### PROBLEM TO SOLVE
A full, exact copy of the listing is needed, with images omitted.

### DATASET EXTRACT
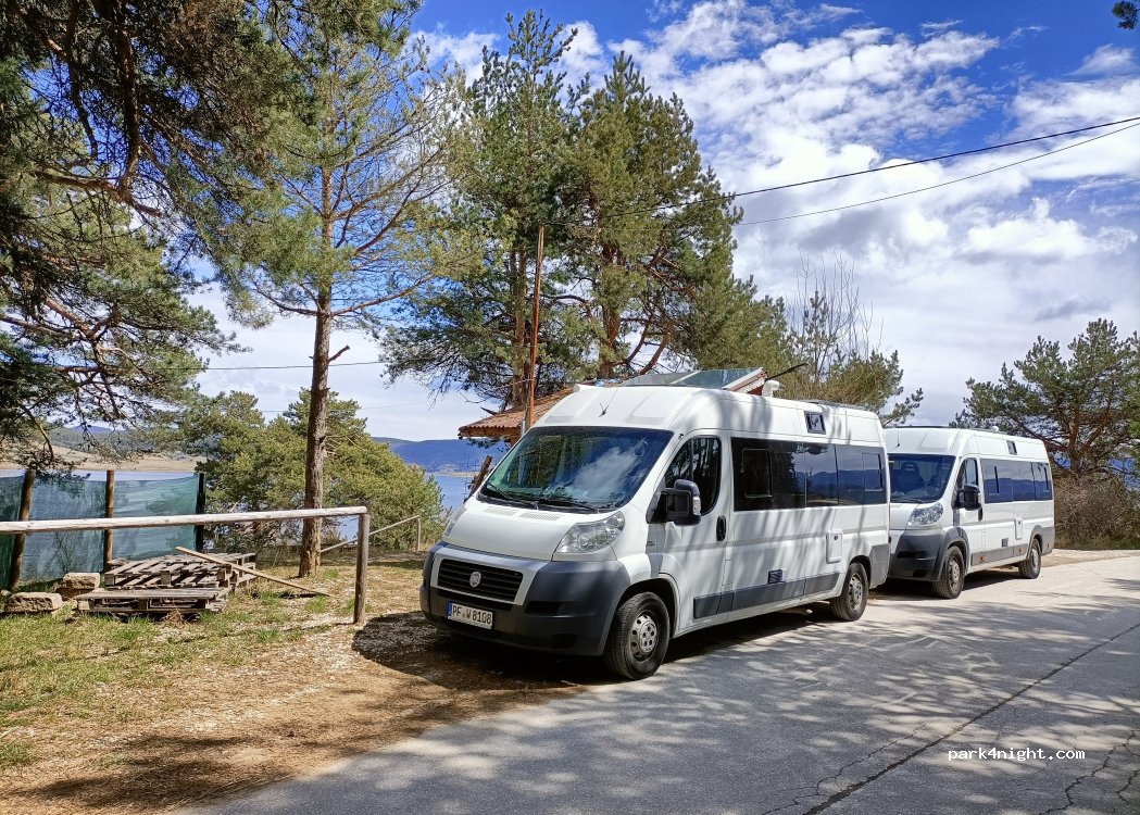 Красивое место, караваны расположены на террасах с видом на водохранилище. Есть персональные выводы электричества и воды (в теплое время года). Хороший WiFi, горячий душ (в любую погоду). Отдельное место слива биотуалета. Стиральная машина (в теплое время года). Владелец Крис очень дружелюбный. В не сезон 11€ за караван с одним человеком. Нужно предварительно созвонится по телефону на сайте.
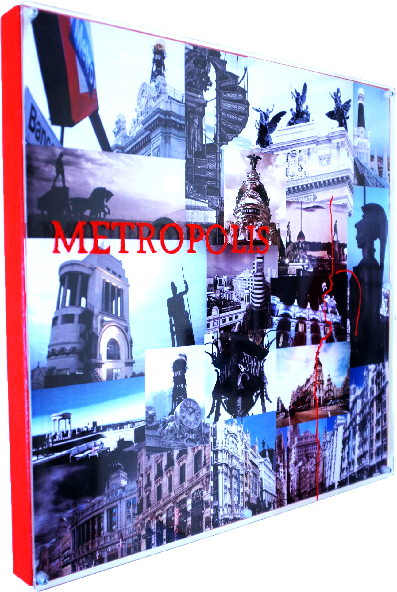 Material: imágenes, metacrilato, pintura acrílica sobre lienzo
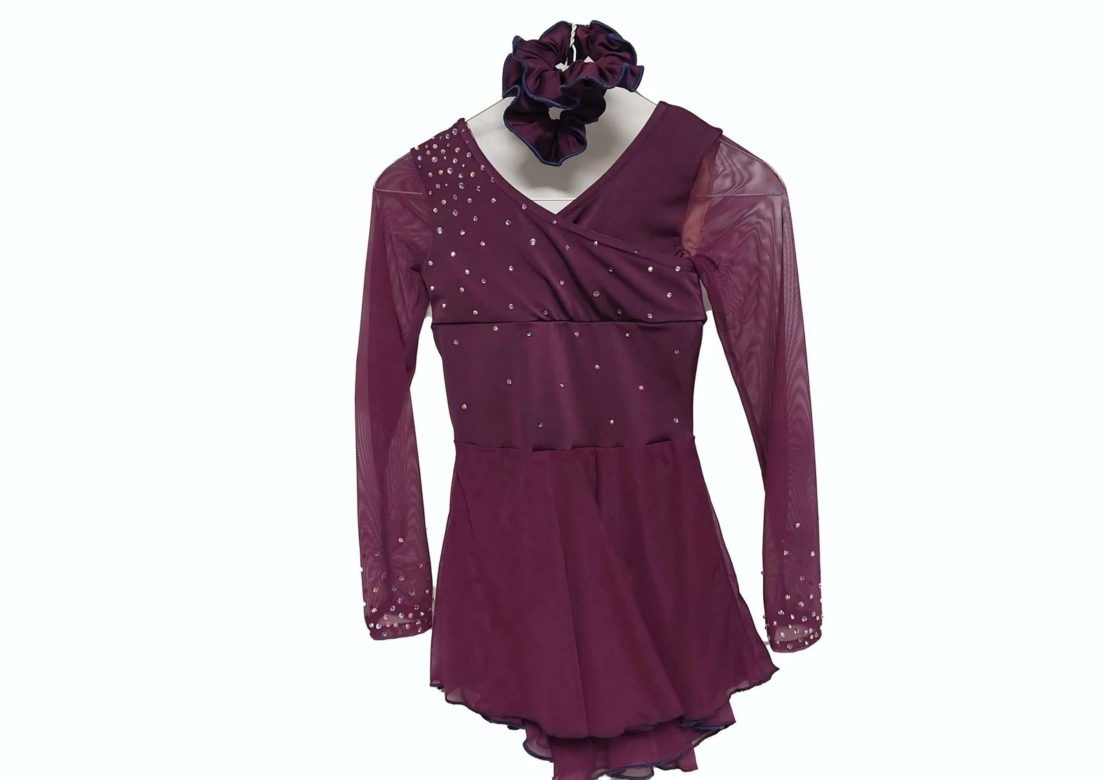 - Bodice is our 5O-106 Plum Tricot. Arms and skirt are out of our white mesh I dyed to match the plum.

### COMPLETED EXERCISE
 Красивое место, караваны расположены на террасах с видом на водохранилище. Есть персональные выводы электричества и воды (в теплое время года). Хороший WiFi, горячий душ (в любую погоду). Отдельное место слива биотуалета. Стиральная машина (в теплое время года). Владелец Крис очень дружелюбный. В не сезон 11€ за караван с одним человеком. Нужно предварительно созвонится по телефону на сайте.
 Material: imágenes, metacrilato, pintura acrílica sobre lienzo
 - Bodice is our 5O-106 Plum Tricot. Arms and skirt are out of our white mesh I dyed to match the plum.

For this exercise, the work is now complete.